Vive instalado en la queja. Siempre que habla de las cosas que le suceden lo hace desde el dolor, desde la pena, el resentimiento, la disconformidad y la insatisfacción.
Se ve a sí mismo como una víctima. Una persona que vive en un mundo de hostilidad, que está sometida a las circunstancias de la vida y que no tiene ninguna capacidad ni para mejorar su situación, ni para alcanzar sus objetivos, ni para lograr mejores escenarios.

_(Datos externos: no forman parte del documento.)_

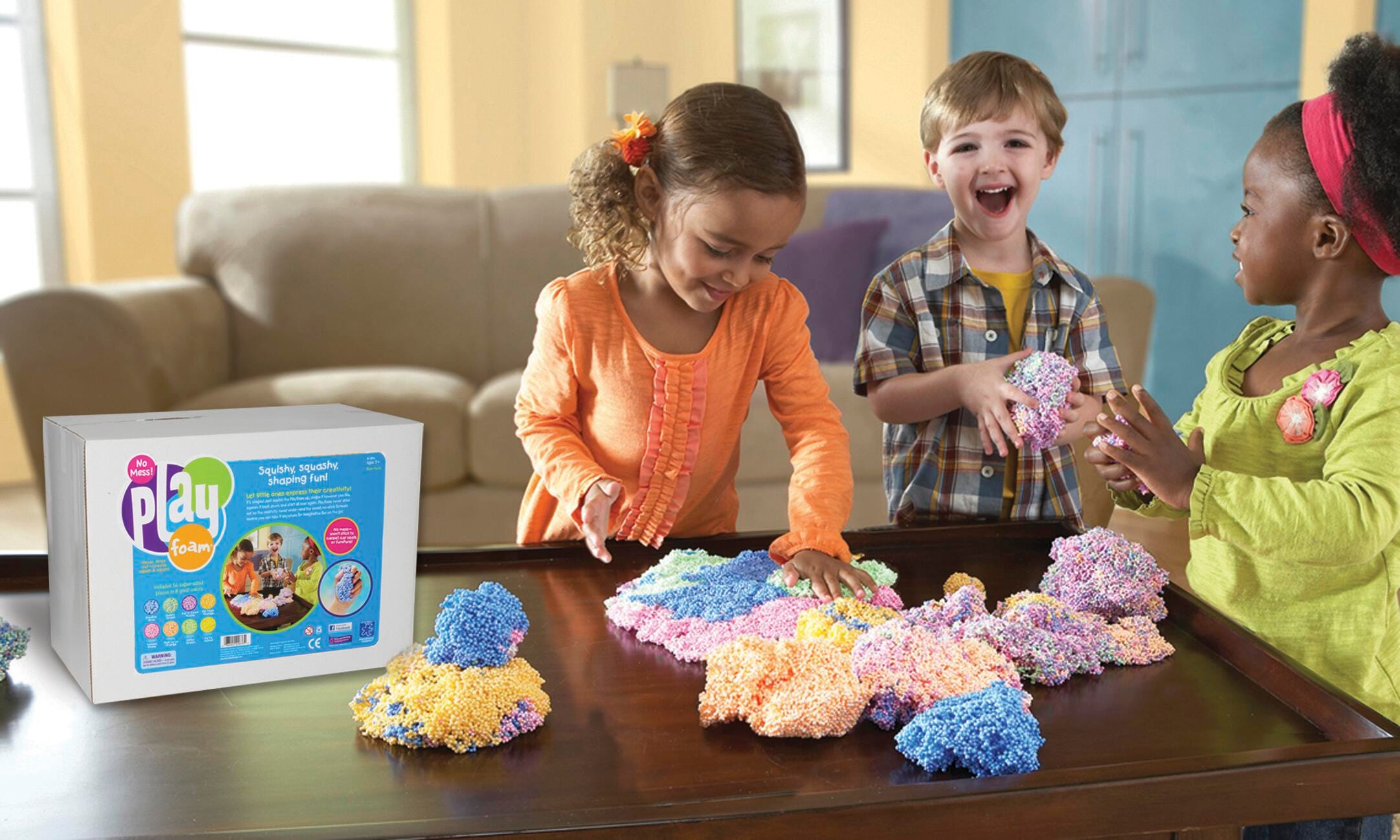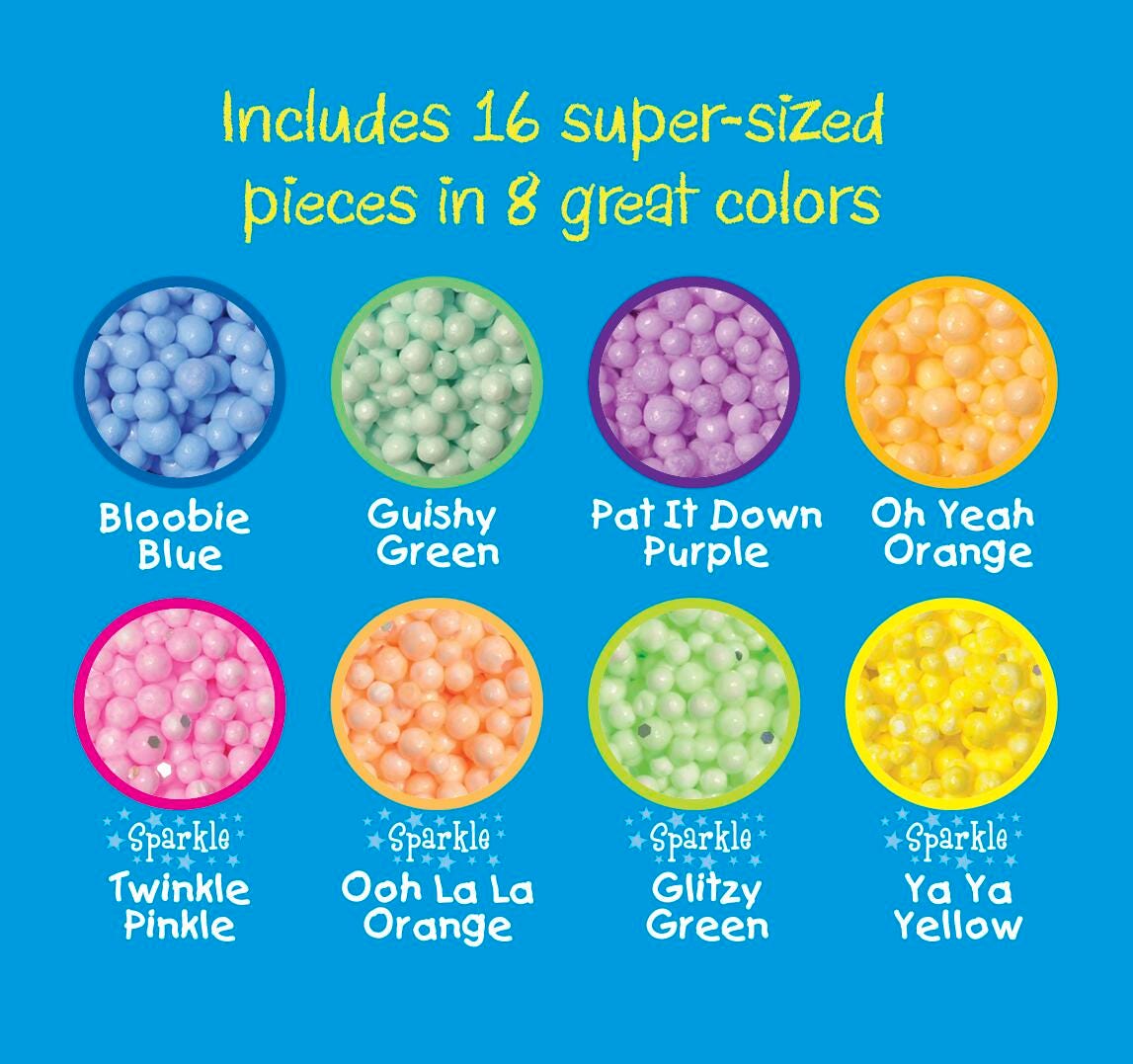 Educational Insights Playfoam Reusable Modeling Dough Classroom Pack allows preschoolers to express their creativity. The remoldable sculpting beads come in multiple colors. Dough is reusable, not messy and never dries out so the creativity never ends. Nontoxic playfoam featuring secret no stick formula can be squashed and is totally portable. Each color comes in its own zip-closed bag. Set includes 16 bricks in 8 assorted colors. Pre-K and Up. Comes in the following colors: bloobie blue, guishy green, pat it down purple, oh yeah orange, twinkle pinkle, ooh la la orange, glitzy green, and ya ya yellow.

Dedica toda su energía a encontrar a los culpables de su infelicidad y a compararse con los demás. A veces se lamenta de sí mismo y se reconoce responsable de todo de una manera destructiva, resignándose a la idea de que él ha nacido así y de que ya es tarde para cambiar.
Ha conseguido encontrar espacios de confort dentro de la queja. Después de todo hay personas que simpatizan y empatizan con ese sentimiento. Algunos, haciendo un noble ejercicio de solidaridad, se vieron en la obligación de ayudarle y rescatarle. Sin embargo entraron en un juego peligroso y actualmente son motivo de sus quejas, pues no le ayudaron de la forma que a él le habría gustado. Recientemente pasaron a engrosar la lista negra de aquellos agresores que le impiden alcanzar la felicidad.
¿Qué pasaría si saliese de ese espacio? ¿Qué sucedería si reflexionase sobre la forma en la que está contribuyendo él mismo a esa situación? ¿Y si descubriese que es sólo su forma de pensar lo que le aleja de esa felicidad?